As petroleum exploration advances and as most
of the oil–gas reservoirs in shallow layers have been
explored, petroleum exploration starts to move toward deep
basins, which has become an inevitable choice. In this
paper, the petroleum geology features and research progress
on oil–gas reservoirs in deep petroliferous basins
across the world are characterized by using the latest
results of worldwide deep petroleum exploration. Research
has demonstrated that the deep petroleum shows ten major
geological features. (1) While oil–gas reservoirs have been
discovered in many different types of deep petroliferous
basins, most have been discovered in low heat flux deep
basins. (2) Many types of petroliferous traps are developed
in deep basins, and tight oil–gas reservoirs in deep basin
traps are arousing increasing attention. (3) Deep petroleum
normally has more natural gas than liquid oil, and the
natural gas ratio increases with the burial depth. (4) The
residual organic matter in deep source rocks reduces but
the hydrocarbon expulsion rate and efficiency increase with
the burial depth. (5) There are many types of rocks in deep
hydrocarbon reservoirs, and most are clastic rocks and
carbonates. (6) The age of deep hydrocarbon reservoirs is
widely different, but those recently discovered are predominantly
Paleogene and Upper Paleozoic. (7) The
porosity and permeability of deep hydrocarbon reservoirs
differ widely, but they vary in a regular way with lithology
and burial depth. (8) The temperatures of deep oil–gas
reservoirs are widely different, but they typically vary with
the burial depth and basin geothermal gradient. (9) The
pressures of deep oil–gas reservoirs differ significantly, but
they typically vary with burial depth, genesis, and evolution
period. (10) Deep oil–gas reservoirs may exist with or
without a cap, and those without a cap are typically of
unconventional genesis. Over the past decade, six major
steps have been made in the understanding of deep
hydrocarbon reservoir formation. (1) Deep petroleum in
petroliferous basins has multiple sources and many different
genetic mechanisms. (2) There are high-porosity,
high-permeability reservoirs in deep basins, the formation
of which is associated with tectonic events and subsurface
fluid movement. (3) Capillary pressure differences inside
and outside the target reservoir are the principal driving
force of hydrocarbon enrichment in deep basins. (4) There
are three dynamic boundaries for deep oil–gas reservoirs; a
buoyancy-controlled threshold, hydrocarbon accumulation
limits, and the upper limit of hydrocarbon generation. (5)
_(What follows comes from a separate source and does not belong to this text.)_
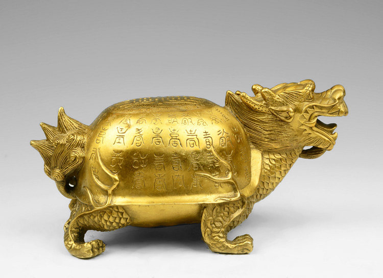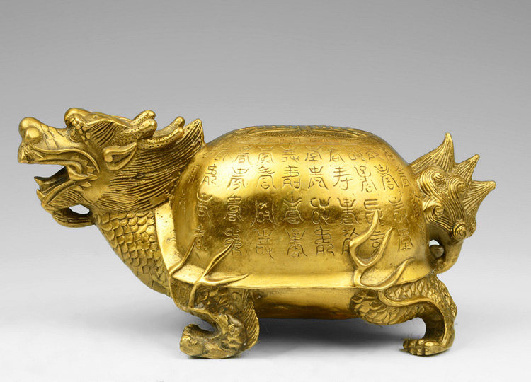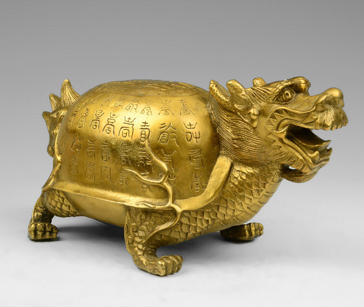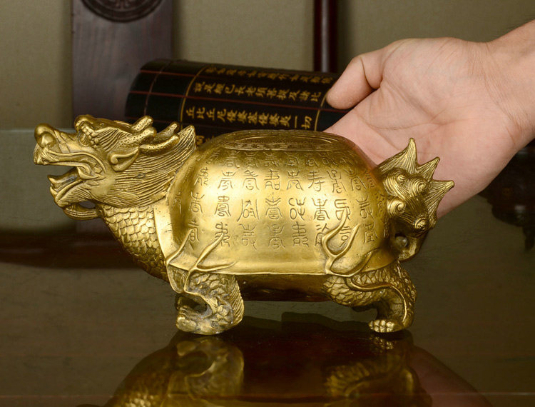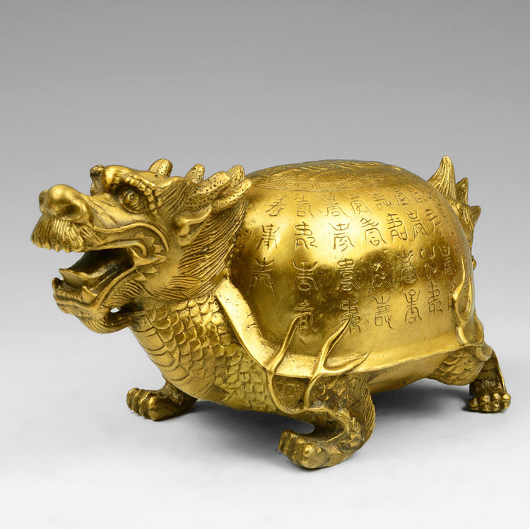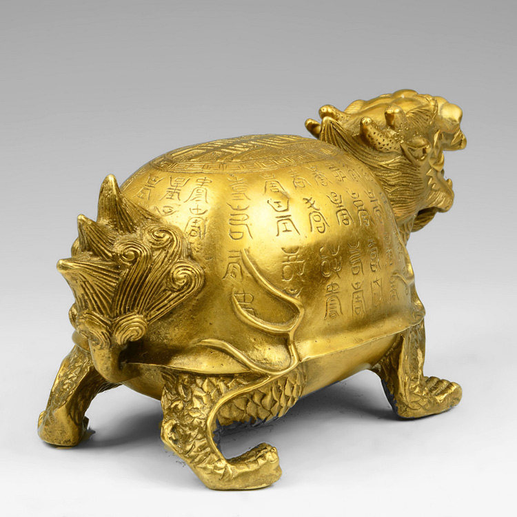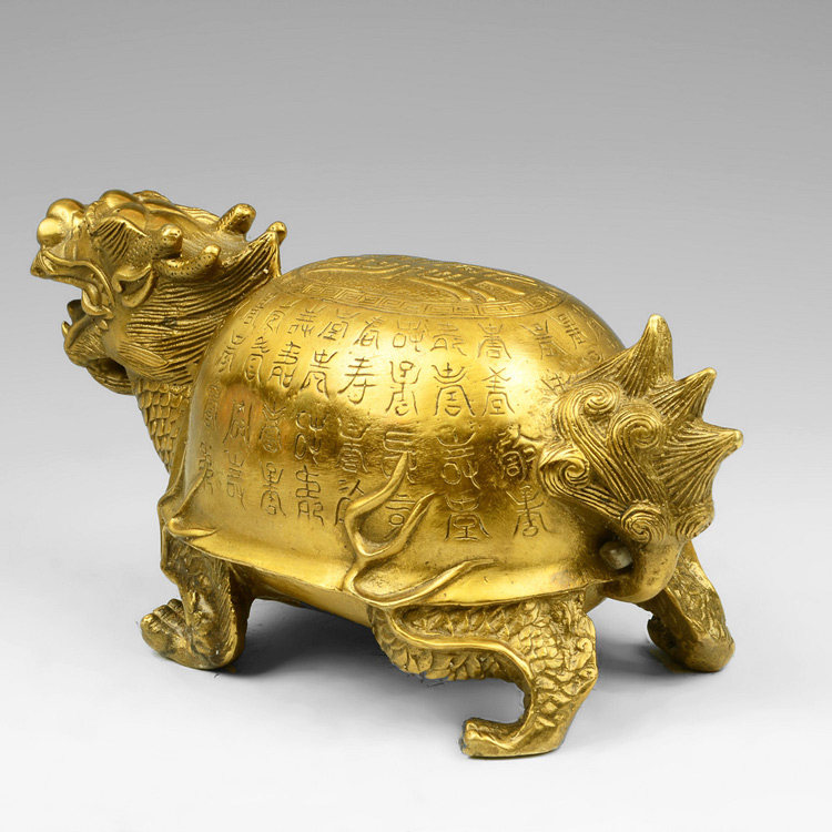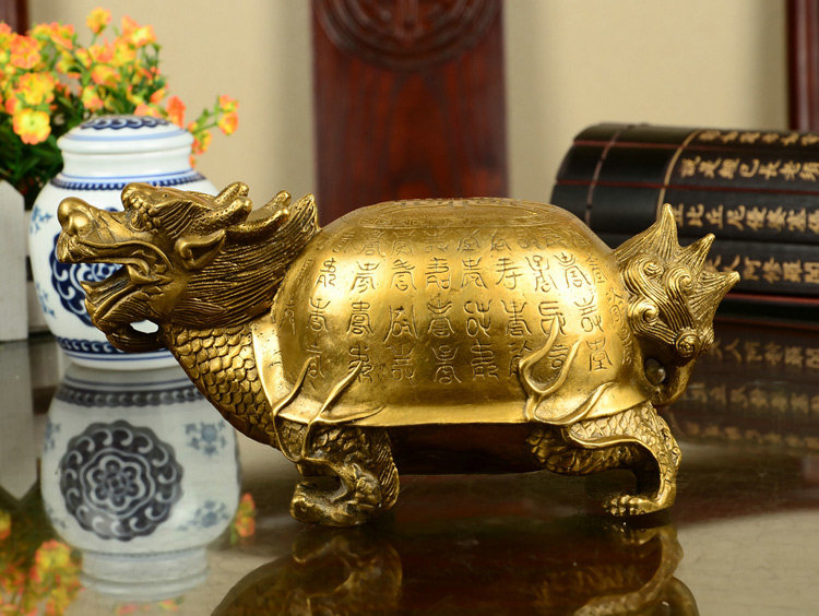 龙龟,瑞兽一种,主吉祥招财,化三煞。龙龟放在财位可催财,放在三煞位或水气较重之地最有效,风水学有云:“要快发,斗三煞”。水气重之风水位主是非口舌,龙龟在位能化口舌兼加强人缘。龙龟有忍耐、负重、长寿、权威的象征,在众多吉祥之物中,此兽是最为祥瑞之一者。相传为古代神龙所生之子,背负河图洛书,揭显天地之数,物物一太极,上通天文,下知地理,中和人世;龟背、龟尾有制煞解厄之效,龙头有赐福之意。

The formation and distribution of deep hydrocarbon reservoirs
are controlled by free, limited, and bound fluid
dynamic fields. And (6) tight conventional, tight deep, tight
superimposed, and related reconstructed hydrocarbon reservoirs
formed in deep-limited fluid dynamic fields have
great resource potential and vast scope for exploration.
Compared with middle–shallow strata, the petroleum
geology and accumulation in deep basins are morecomplex, which overlap the feature of basin evolution in
different stages. We recommend that further study should
pay more attention to four aspects: (1) identification of
deep petroleum sources and evaluation of their relative
contributions; (2) preservation conditions and genetic
mechanisms of deep high-quality reservoirs with high
permeability and high porosity; (3) facies feature and
transformation of deep petroleum and their potential distribution;
and (4) economic feasibility evaluation of deep
tight petroleum exploration and development.